Cache Friendliness is Practical
Even though Quicksort isn't the cache-optimal sorting algorithm, it runs efficiently on realistic caches. Simple algorithms with temporal locality often win in practice.
Measurement Beats Intuition
Without simulation, predicting speedup from frequency scaling or memory bandwidth intuitively is error-prone. Precise measurement reveals ground truth.

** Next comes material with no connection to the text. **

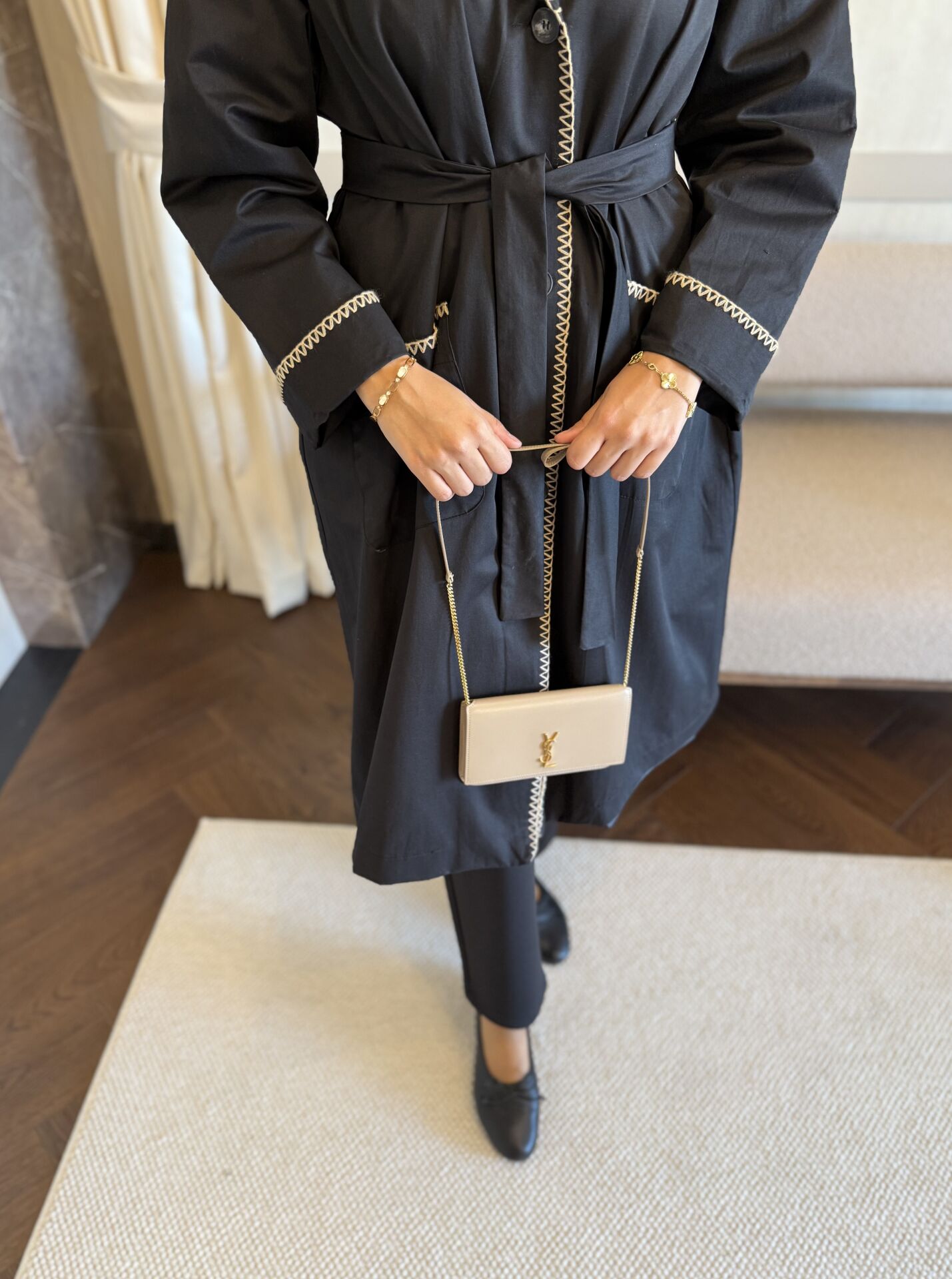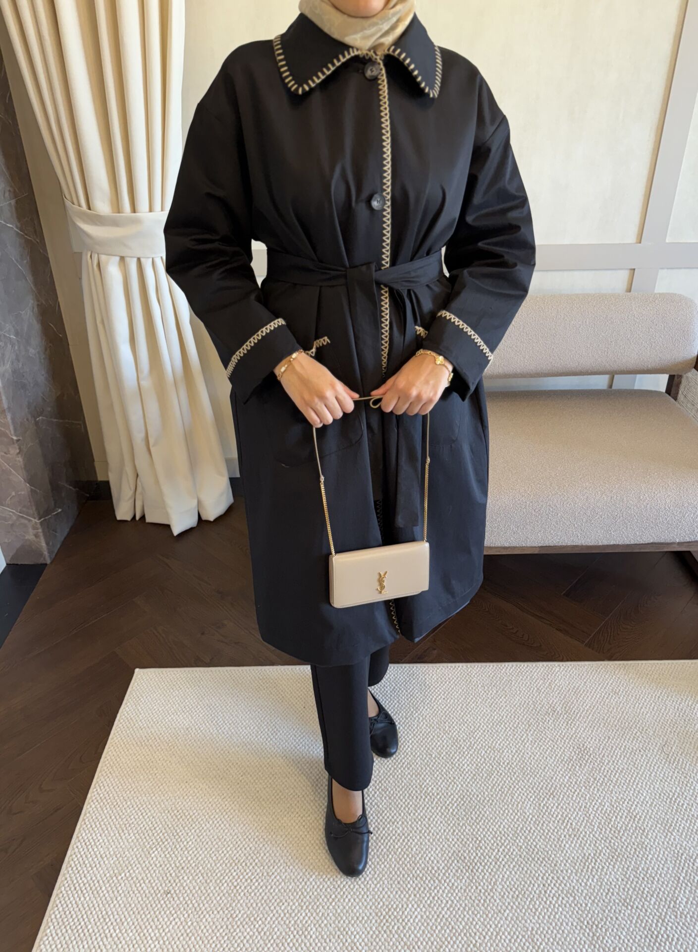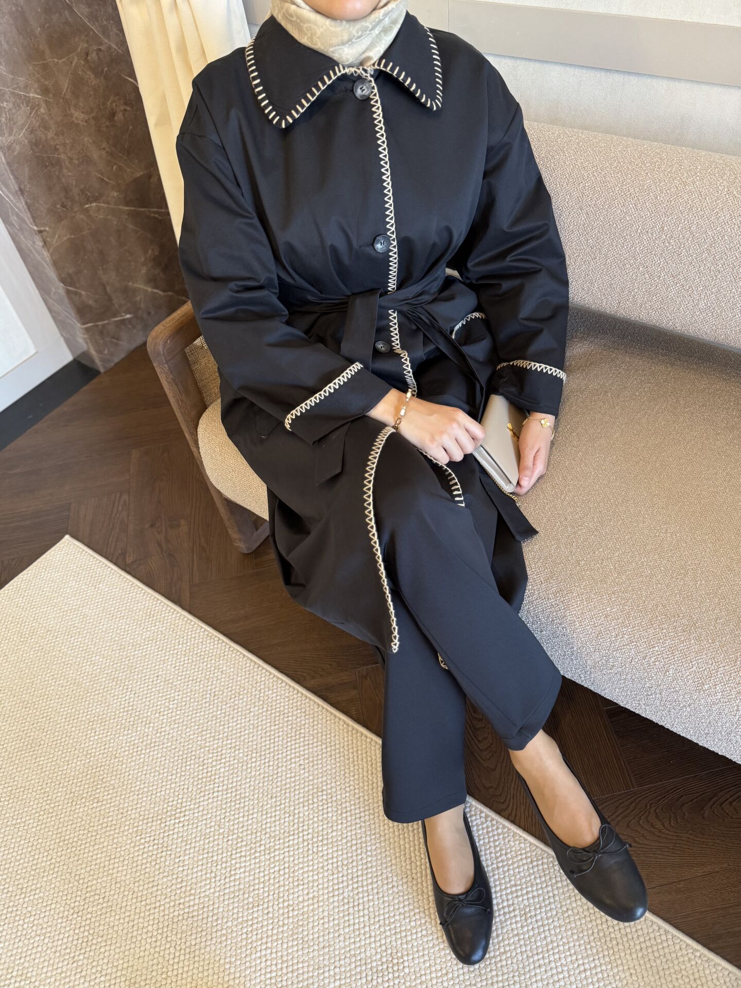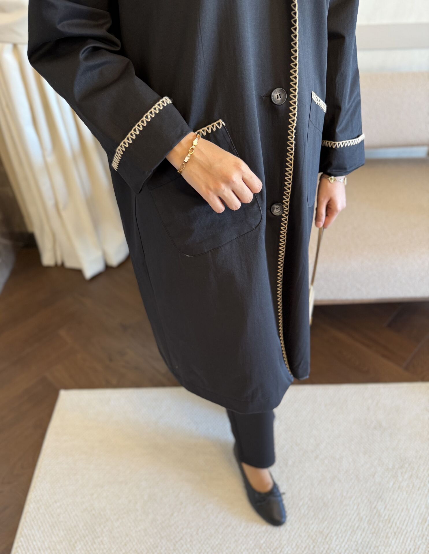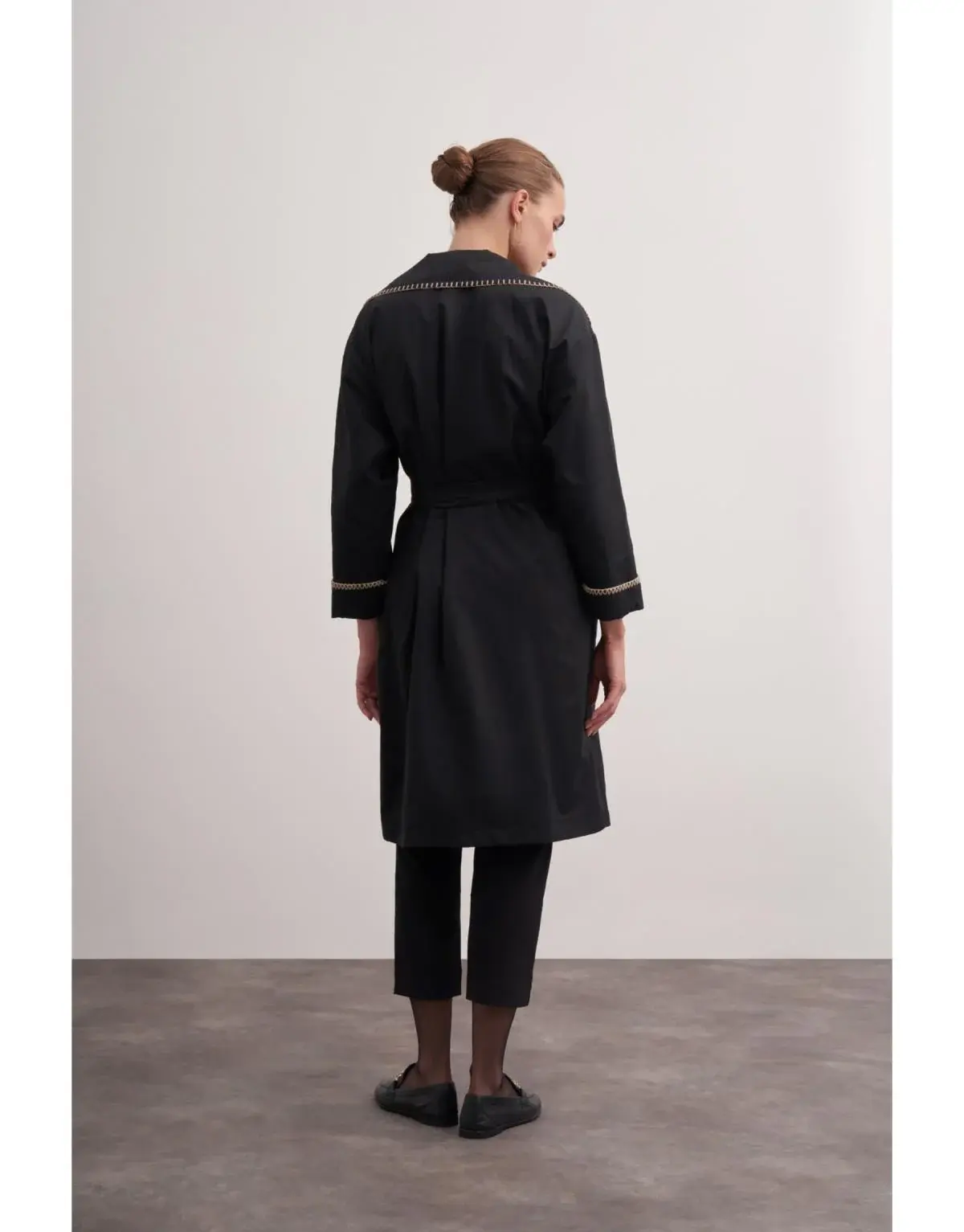 Çoban Dikişli Trençkot (Siyah)

Reproducibility & Extensibility
How to Reproduce
Prerequisites
- gem5 (version ~May 2024 snapshot)
- GCC or Clang (for compilation)
- Python (for data analysis scripts)
- Matplotlib (for visualization)
Build & Run Example
# Step 1: Navigate to a simulation directory
cd quicksort/X86MinorCPU/DDR3_1600_8x8/1.2GHz
# Step 2: Compile quicksort with gem5 m5ops
make all
# Step 3: Run gem5 simulation
/path/to/gem5/build/X86/gem5.opt \
/path/to/gem5/configs/example/se.py \
--cmd=./a.out --options="100 100" \
--cpu-type=X86MinorCPU \
--caches --l2cache \
--l1d_size=32768 --l1i_size=32768 \
--l2_size=262144 \
--cpu-clock="1.2GHz" \
--mem-type=DDR3_1600_8x8
# Step 4: Extract results
grep "^simSeconds" m5out/stats.txt
grep "^system.cpu.numCycles" m5out/stats.txt
How to Extend
The experiment framework is easily extensible:
Add a New CPU Model
Test superscalar or out-of-order CPUs (e.g., X86O3CPU) to see if pipeline complexity matters for more complex workloads.
Add a New Memory Type
Test newer memory technologies (e.g., GDDR6, HBM) or configure custom memory parameters in gem5.
Change the Workload
Replace Quicksort with other algorithms (heapsort, matrix multiply) to observe different memory access patterns.
Conclusion
This project demonstrates a principled approach to computer architecture evaluation using simulation. By carefully designing an experiment, implementing a representative workload, and interpreting results through the lens of architectural understanding, we gained actionable insights:
- Clock frequency remains a powerful performance lever for well-designed systems
- Memory bandwidth matters less than cache design for workloads with good locality
- CPU pipeline complexity isn't always necessary—simpler designs suffice when memory isn't the bottleneck
These findings, while demonstrated on Quicksort in gem5, transfer to broader systems and inform real architectural decisions made by researchers and industry practitioners every day.